A push-type electric device includes a case having an opening defined in a top wall thereof, and a control member slidably disposed in the case and movable therein for actuating the push-type electric device. The control member has a head projectable through the opening. The case has opposite side walls each having in an inner surface thereof a pair of slide guide grooves spaced from each other. The control member has opposite side walls each having on an outer surface thereof a pair of ridges spaced from each other and loosely fitted respectively in the slide guide grooves. guide means are mounted on each of the ridges and extending in a direction normal to the direction in which the control member is movable in the case, the guide means being engageable with the side wall surfaces when the control member is tilted in the case.

Patent
   4582969
Priority
Sep 20 1983
Filed
Sep 20 1984
Issued
Apr 15 1986
Expiry
Sep 20 2004
Assg.orig
Entity
Large
3
4
EXPIRED
1. Push-type electric device, including:
(a) a case having an opening defined in a top wall thereof;
(b) a control member slidably disposed in said case and movable therein for actuating the push-type electric device, said control member having a head projectable through said opening;
(c) said case having opposite side walls each having in an inner surface thereof a respective of pair guide grooves spaced from each other;
(d) said control member having opposite side walls each having on an outer surface thereof a pair of slide ridges spaced from each other and loosely fitted respectively in said guide grooves; and
(e) guide means mounted on each of said ridges and extending in a direction normal to the direction in which said control member is movable in said case, said guide means being a guide ledge on said slide ridges engageable with said side wall surfaces when said control member is tilted in said case.
2. A slide guide construction according to claim 1, wherein said means comprises an outer guide ledge extending from an end of said ridge closer to said top wall of the case toward an end wall of said case, and an inner guide ledge extending from an end of said ridge closer to a bottom wall of the case toward a central portion of the side wall of said case.

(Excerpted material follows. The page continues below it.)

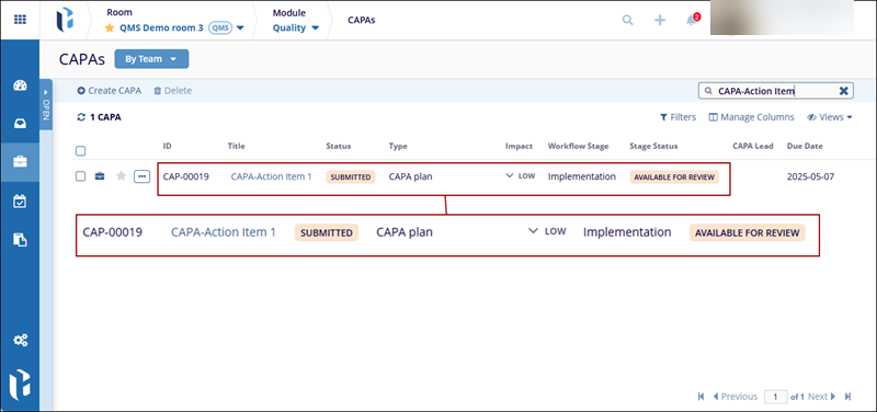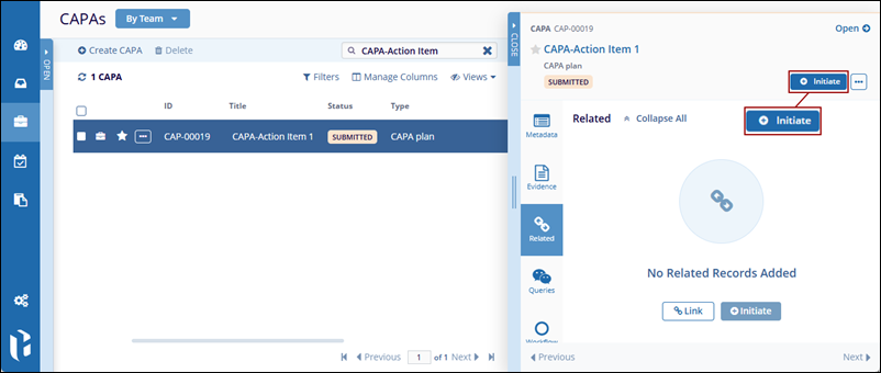 - Click on the CAPA title, navigate to the ‘Related’ tab in the quick view panel and

The present invention relates to a guide for the sliding element of a push-type electric device such as a pushbutton switch, and more particularly, to such a guide which allows smooth back and forth movement of the sliding element.

FIGS. 1 through 6 of the accompanying drawings illustrate one prior guide for use in a push-type electric device such as a pushbutton switch. The guide has a thin case 1 in the form of a rectangular parallelepiped having an elongate rectangular opening 1a defined in a top wall thereof.

A control member of knob 2 forms the sliding element of the pushbutton switch and is substantially identical in shape to the case 1. The knob 2 is slidable vertically within the case 1 and has a head 2a projecting out of the opening 1a. Fixed terminals 3 project out from the bottom of the case 1. The case 1 houses movable contacts (not shown) which may be brought into contact with fixed contacts connected to the fixed terminals 3 by sliding movement of the knob 2. The knob 2 is normally urged by return spring 4 in a direction toward the top wall of the case 1. When the knob 2 is not depressed, the movable contacts are kept out of contact with the fixed contacts.

The case 1 includes opposite longitudinal walls each having a respective pair of vertical guide grooves 5 in its inner surface for guiding back-and-forth movement of the knob 2, the guide grooves 5 of each pair being spaced from each other and extending vertically in the direction in which the knob 2 is moved.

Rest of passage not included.